Usually the Coen brothers juggle ensemble casts and splintering storylines very well, as in the case of this year’s Hail, Cesar!. Their movies are usually meandering, idiosyncratic journeys that fall apart and get tied back together in sometimes messy, sometimes not, satisfying little packages. They’ve developed a reputation for writing not one but multiple iconic characters in any given single film. Except, with The Ladykillers neither of those things happens. You spend virtually no time getting to know any of the characters. You don’t know why they’re there. Tom Hanks’s accent is terrible. Then, you get some weird moral lesson about greed.

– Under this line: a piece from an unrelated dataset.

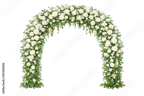 White rose wedding arch arrangement with green foliage, elegant ceremony backdrop for marriage proposal or event decor

It’s also supposed to be a comedy, but the jokes are half formed and not funny. Most of them are based off of racial stereotypes, some of them are bad poop jokes, and an even fewer number of them attempt to be dark comedy. It really feels like watching someone at a party trying to practice their amateur standup routine loudly and awkwardly, while everyone has long since stopped paying attention. Maybe I’m too sensitive to understand the appeal of this humor, but I feel like there’s a right way and a wrong way to make a poop joke.

The Ladykillers is a train wreck. There’s no clear story. The characters are two dimensional. And the poop jokes are bad. I guess everybody, even the Coen brothers, has to make a flop sometime.